IBC made its observations in a press release following an analysis of the latest data available from the General Insurance Statistical Agency (GISA), a government body that collects data on premiums recorded for every private passenger vehicle in those regions of the country.
“Reaching nearly the [Cdn]$7 billion mark is an unprecedented level of savings for consumers,” said Stan Griffin, IBC’s president and CEO. In every region of the country where insurers compete for the business of consumers, auto insurance reforms have delivered substantial savings for drivers.
These benefits are the direct result of efforts by auto insurers and governments across the country to design and implement auto insurance reforms focused on the best interests of consumers.”

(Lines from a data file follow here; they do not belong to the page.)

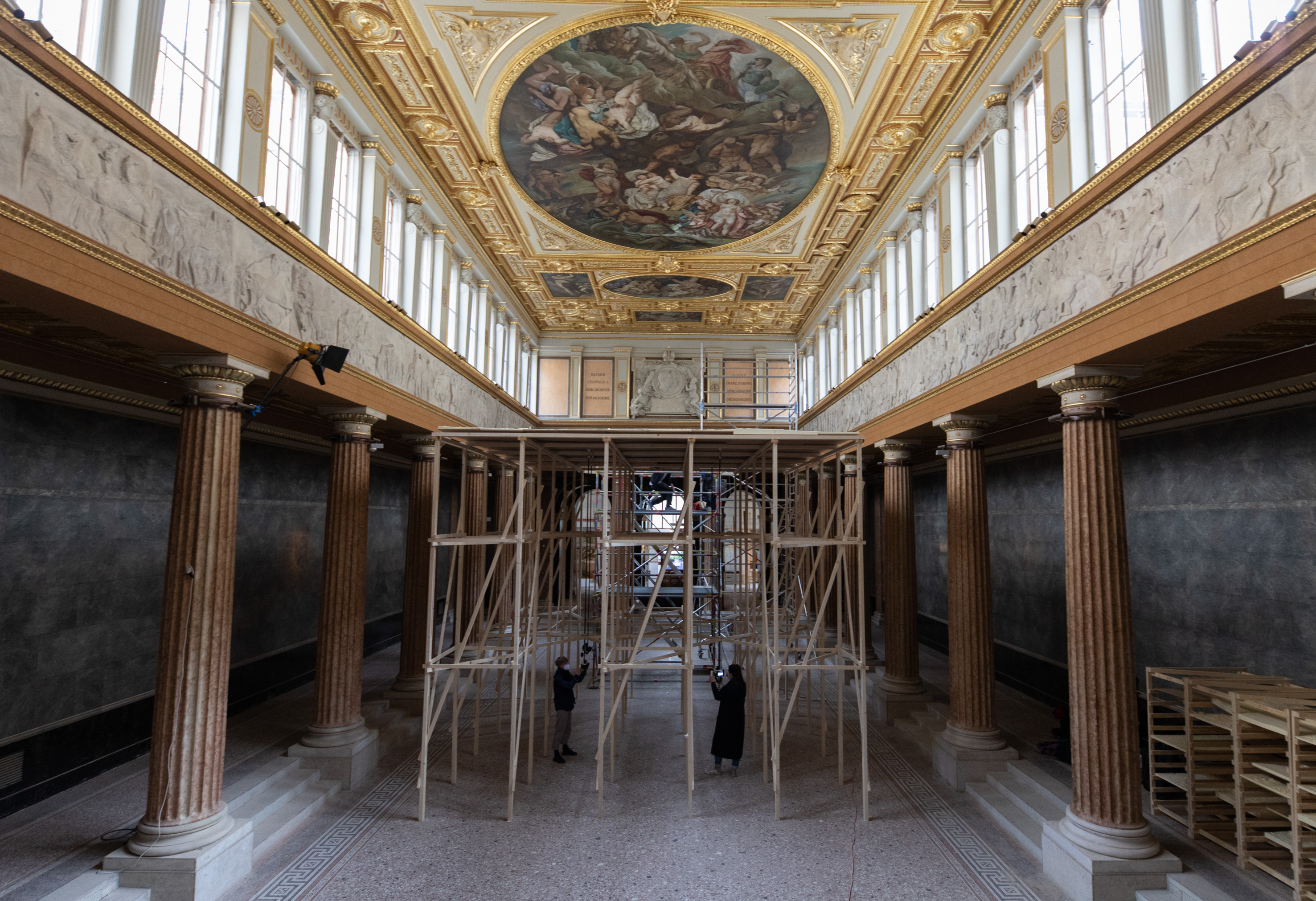 Klassische Architektur der Aula am Schillerplat mit dem Holzgerüsz der Installation und Personen im Raum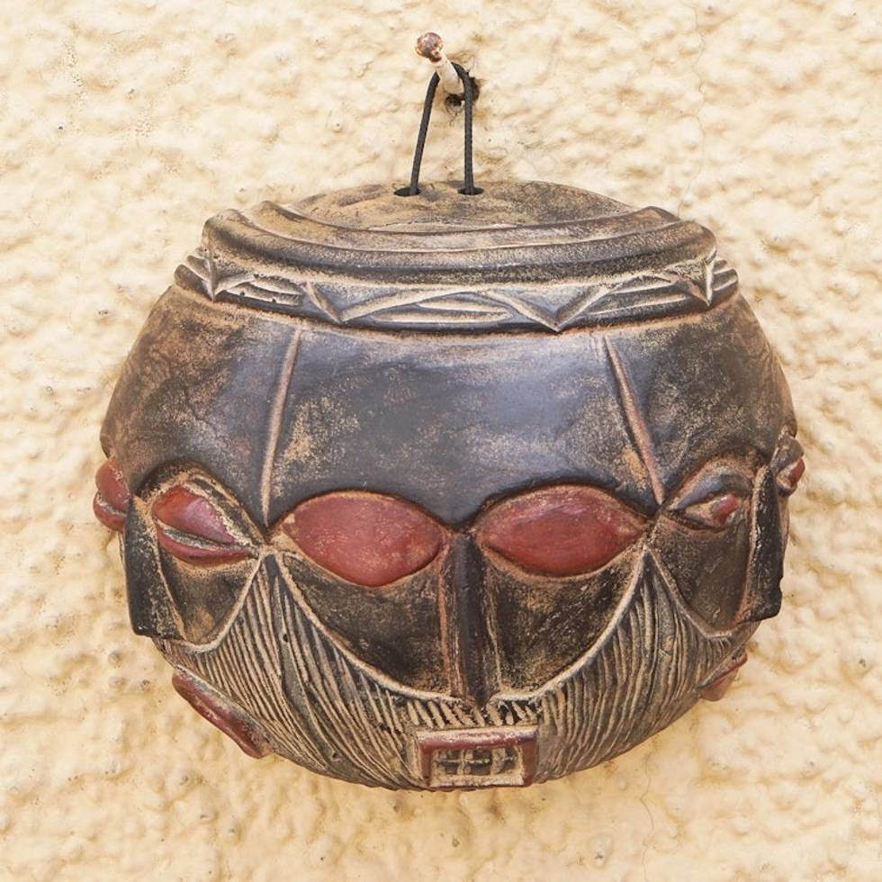 Hand-Painted Traditional Black and Red African Calabash Mask 'Trinity' Item ID: 2671805442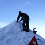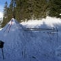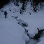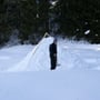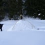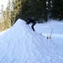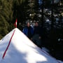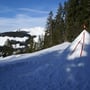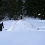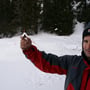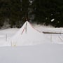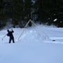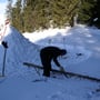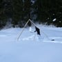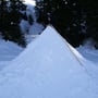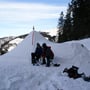 Mein Opel Corsa mit umgeklappten Hintersitzen war bis oben mit PYLOO-Material gefüllt. Schlitten, Schneeschuhausrüstung, Baugerüst und Verpflegung für zwei volle Tage. Um 09:00 Uhr erreichten wir den Jaunpass, der Ausgangsort unserer Tour. Es wurde gerade hell am Horizont und es war saukalt. Die erste Schneeprobe war ernüchternd... Ideale Qualität zum Tiefschneeskifahren - für den PYLOO-Bau sichtlich ungeeignet. Doch so schnell würden wir nicht aufgeben. Unsere Hoffnung bestand darin, dass sich der Schnee durch Pressung und Abkühlung schon härten würde, doch wir waren zu der Zeit wirklich unsicher.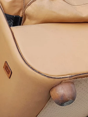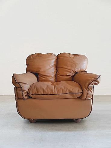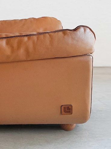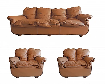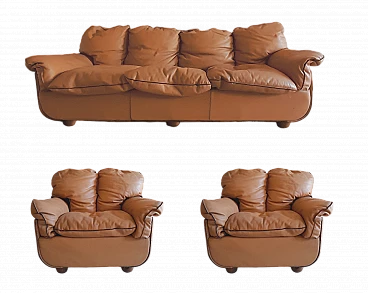 Divano e coppia di poltrone mod. Nido di Francesco Nale per Lev&Lev Milano, fine anni '70. Articolo molto raro per l'epoca e per il tipo di allestimento elevato, una versione da veri intenditori del design italiano. Il set è composto da tre pezzi (un divano e due poltrone), è stato realizzato 50 anni fa in Brianza dai migliori tappezzieri italiani e questa versione è molto rara perché rivestita non con la solita pelle ma bensì con cuoio naturale (a pieno fiore) e di forte spessore, con cuciture a vista che marcano l'effetto del taglio vivo del materiale. Una tipologia di manifattura ancora oggi molto moderna (ricorda molto la lavorazione della pelle e del cuoio del modello "Le Bambole" e della "CAB" di Mario Bellini). Imbottitura in vera piuma d'oca. In ottime condizioni, il set mostra solo pochi segni di usura come piccoli graffi o macchioline che conferiscono al colore naturale del cuoio un aspetto vissuto al punto giusto; questo perché è stato usato molto poco e soprattutto ben conservato, considerando i suoi 50 anni di vita. Il divano è alto 70 cm, largo 223 cm e profondo 86 cm. Le poltrone sono alte 70 cm, larghe 83 cm e profonde 86 cm.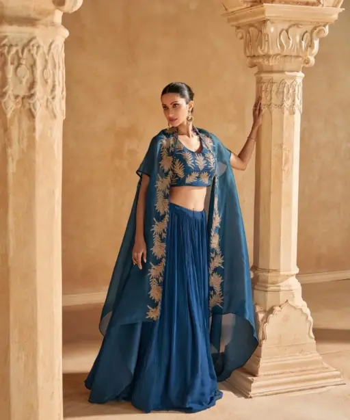 | Details | Premium Real Chinnon Silk (Pure Handwork Organza Silk Jacket with Handwork Silk Blouse and Chinnon Silk Lehenga with Cancan) |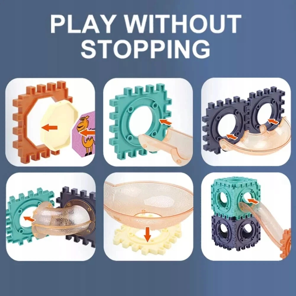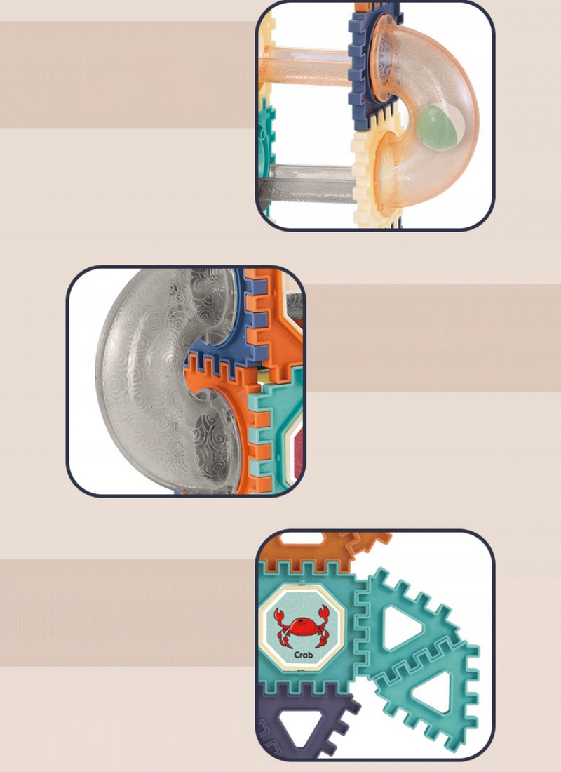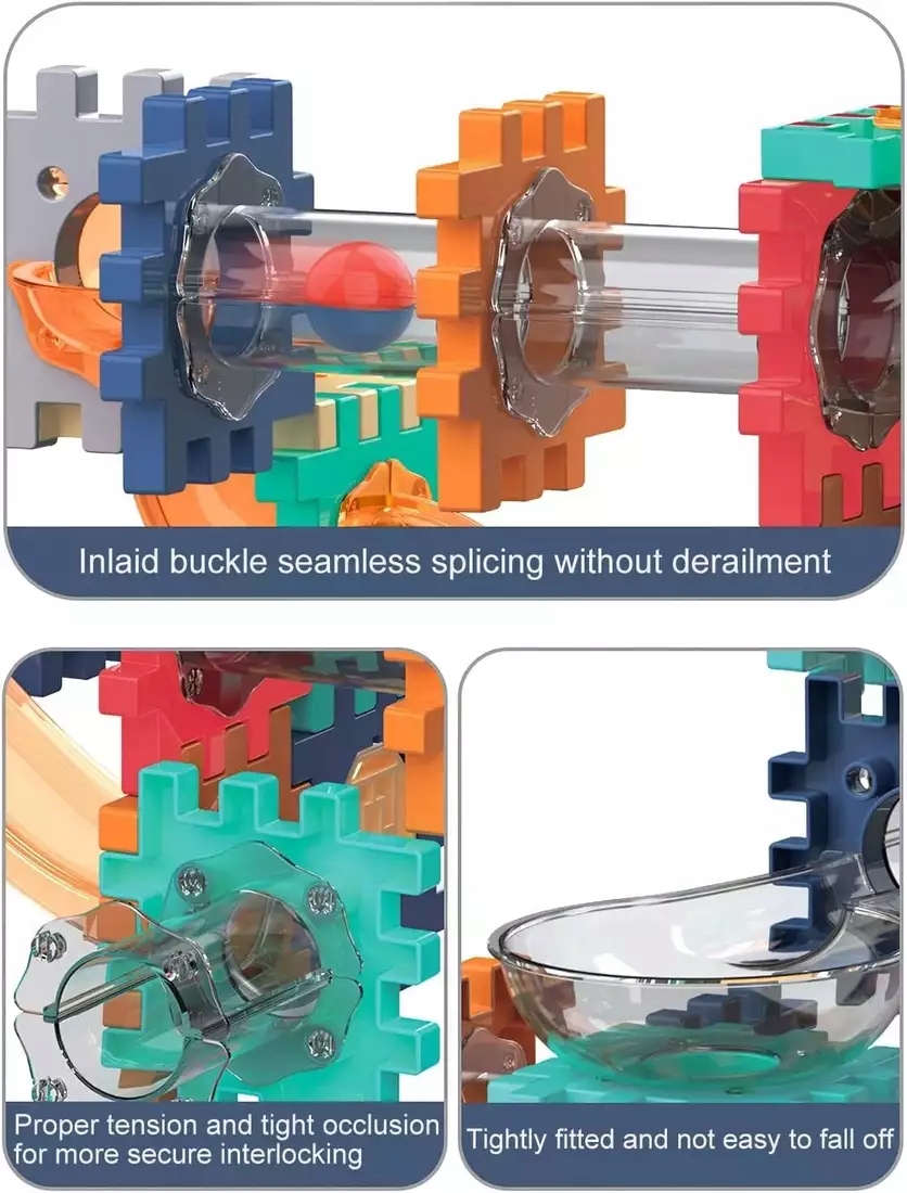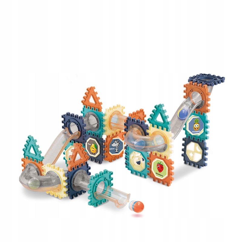 Створіть свою власну барвисту трасу для м’яча та відкрийте для себе захопливу розвагу, повну руху та емоцій! Цей великий набір містить аж 260 різноманітних елементів, які з'єднані між собою за допомогою спеціальних виступів - стабільно і надійно, як шестерінки. Завдяки їм діти можуть створювати незвичайні конструкції: закручені спіралі, довгі спуски, тунелі та мости, по яких м'ячі летять із запаморочливою швидкістю.

The IBC notes the average auto insurance premiums in Ontario decreased from approximately Cdn$1,499 per vehicle in November 2003 to Cdnn$1,260 in June of 2007 a reduction of nearly 16%.
“The savings we have seen in Ontario since the 2003 reforms represents the largest premium reduction ever seen in Canada,” says Mark Yakabuski, vice-president, federal affairs and Ontario, and incoming president of the IBC. “For Ontario drivers, it means an aggregate savings of [Cdn]$4.5 billion.”
In Alberta, Canada’s second-largest private auto insurance market, reform efforts have provided savings for consumers of Cdn$1.13 billion.
Alberta auto premiums in 2004 peaked at an average of Cdn$1,182, whereas now the average level is Cdn$1,021, a decline of nearly 14%.
Total savings available to consumers in Atlantic Canada amounted to Cdn$1.17 billion.
According to Don Forgeron, vice-president, Atlantic, IBC, these savings are a direct result of auto insurance reform efforts that focused on rising pain and suffering awards for minor injuries.
Governments in Nova Scotia, New Brunswick and PEI introduced a limit of Cdn$2,500 for the compensation paid out as pain and suffering awards for minor injuries sustained in a motor vehicle collision.
In Nova Scotia, reforms saw premiums drop from an average of Cdn$1,048 in November 2003 to Cdn$800 in June 2007.
In New Brunswick, auto premiums have dropped from an average high of Cdn$1,259 in 2003 to the current average of Cdn$797.